Qinghe Wang1
Xiaoyu Shi2✉
Baolu Li1
Weikang Bian3
Quande Liu2
Huchuan Lu1
Xintao Wang2
Pengfei Wan2
Kun Gai2
Xu Jia1✉
1Dalian University of Technology
2Kling Team, Kuaishou Technology
3The Chinese University of Hong Kong
✉Corresponding author
Note: The open-source version is based on Wan2.1-T2V-1.3B and Wan2.1-T2V-14B.
- [2026.02.10]: Training and inference code, model checkpoints are available.
- [2026.01.26]: We win First Prize (🥇 1st Place) at the AAAI CVM 2026 Main Track.
- [2025.12.03]: Release the Project Page and the arXiv version.
MultiShotMaster is a controllable multi-shot narrative video generation framework that supports 1) text-driven inter-shot consistency, 2) variable shot counts and shot durations, 3) customized subject with motion control, and 4) background-driven customized scene.

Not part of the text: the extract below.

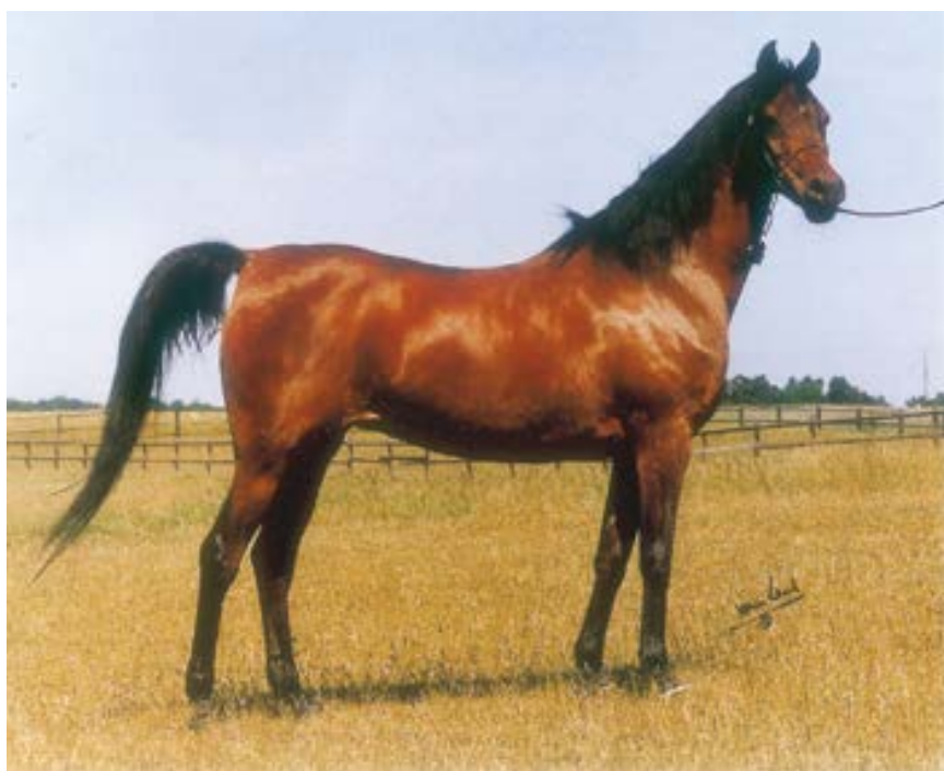
Hanan (1967, Alaa El Dine x Mona)

Two other Madkour 1 daughters, Arussa and Ameera, made significant but lesser contributions, and two other sons - Ibn Galal I (by Ibn Galal) and Asfour (by Malik) - became great sires at their respective stud farms of Babolna in Hungary and Simeon Stud in Australia. That means that at least 7 out of her 11 foals became outstanding horses and breeding animals – a record surely unmatched by any other mare in history.

- Codes & Models for Multi-Shot & Multi-Reference Generation
- Codes & Models for Multi-Shot Generation
Environment
- Create a conda environment and install dependencies:
git clone https://github.com/KlingTeam/MultiShotMaster
cd MultiShotMaster
conda create -n MultiShotMaster python=3.12 -y
conda activate MultiShotMaster
pip install -e .
pip install -r requirement.txt
pip install flash-attn --no-build-isolation
Model Checkpoints
- Download Checkpoints using huggingface-cli:
pip install "huggingface_hub[cli]"
huggingface-cli download KlingTeam/MultiShotMaster --local-dir checkpoints
# or using git:
git lfs install
git clone https://huggingface.co/KlingTeam/MultiShotMaster- Set the model paths in
checkpoints/model_configs.
Inference with a Single GPU
# 1.3B model support 480p only
python infer_multishot.py \
--test_csv_path "toy_cases/test_multishot.csv" \
--output_name "1.3B" \
--model_path_json "checkpoints/model_configs/model_path_1.3B.json" \
--target_width 832 \
--target_height 480
# 14B model supports 480p and 720p (we have trained on 480p and 720p data jointly)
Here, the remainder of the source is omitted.